Denver-based folk-rock outfit Jeffrey Dallet Band recently released a new album, Acid Tongue, a collection of nine tracks blending the melodicism of folk-rock with the muscle of hard rock.
Talking about Acid Tongue, Jeffrey shares, “The new songs reflect on me as a person by detailing what concerns me or what has been brewing in my heart and soul for a long time. I’m very concerned about people’s wages and livelihood, and how it’s almost impossible to now afford to live in the city of Denver and the surrounding areas. I think the political climate also has a lot to do with the new songs on this album.”
Made up of Jon Von (bass, keyboards, guitar, backing vocals), Brian Bodley (drums, percussion), Scott Holland (lead guitar, baritone guitar, mandolin, backing vocals), and Jeffrey Dallet (guitar, vocals, harmonica), the Jeffrey Dallet Band has performed at prominent Denver venues such as the Oriental Theatre, Larimer Lounge, Walnut Room, The Café at the Folk Center, along with venues in Durango, Boulder, and Cheyenne, Wyoming,
Entry points on the album include “Sweet Cindy,” opening on tasty Cappella harmonies flowing into growling, dirty guitars riding a potent rhythm. Amalgamating folk-rock with hints of punk pizzazz, the song surges with alt-rock textures and vibrant vocal harmonies.
Via expressive lyrics, the track tells a tale of a madcap, wild relationship.
“She’ll squeeze my soul out of her eyes / Then choke me out in between her thighs / I’ll come up for air, she’s still pissed I’ll surmise / That’s cause she is a mental case.”
“Sinners Dance” rolls out on a sparkling piano, creamy yet with ominous flavors. The mid-tempo rhythm infuses the cadence with undulating textures of indie-rock, low-slung and enticing. Jeffrey’s rich tones fill the lyrics with vestiges of regret and melancholy.
“Psalms of Freedom” rides thick, dark guitars atop a crunching rhythm as Jeffrey’s portentous voice imbues the lyrics with the piquancy of the collapse of the American Dream. “45 Song” travels on savors of folk-rock reminiscent of John Mellencamp. The Mid-Western-flavored melody, especially on the chorus, features alluring layers of delicious sonic flow.
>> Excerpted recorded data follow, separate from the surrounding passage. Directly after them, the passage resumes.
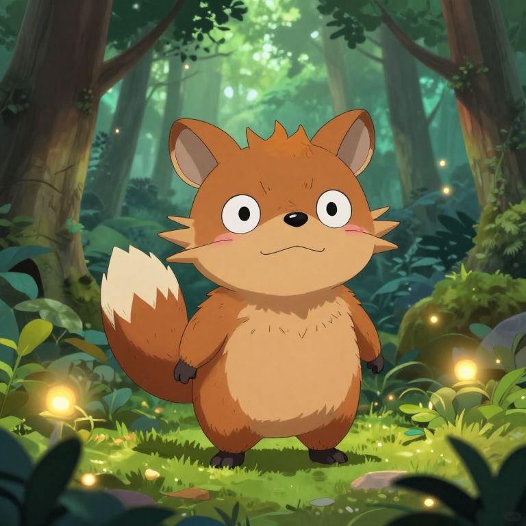 A digital cartoon illustration of an adorable, chubby, orange fox with a white-tipped tail and large, surprised eyes standing in a lush, green forest. The fox has a small, round nose and slightly blushing cheeks. The forest background features tall, dark trees with sunlight filtering through the leaves, creating a serene, magical atmosphere. Glowing fireflies are scattered around the fox, adding a whimsical touch. The fox's fur is fluffy, and it stands with its small arms slightly raised. The overall style is cute and vibrant, reminiscent of children's animation.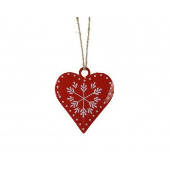 Fémből készült, függeszthető, piros színű, szív alakú dísz.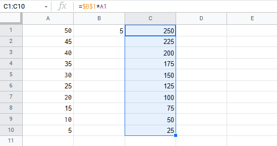 You got it! You have successfully used absolute reference to multiply B1(5) with the range A1:A10.

“City at Night” features a drawling harmonica, infusing the tune with tender wistfulness. Gentle, gleaming guitars give the harmonics graceful, seductive textures rippling with velvety undulations. Jeffrey’s poignant vocals inject the lyrics with longing for something genuine in the middle of dissolving desires and promises.
With Acid Tongue, the Jeffrey Dallet Band offers luscious amalgamations of folk and alt-rock, dishing out captivating music with keen lyrics.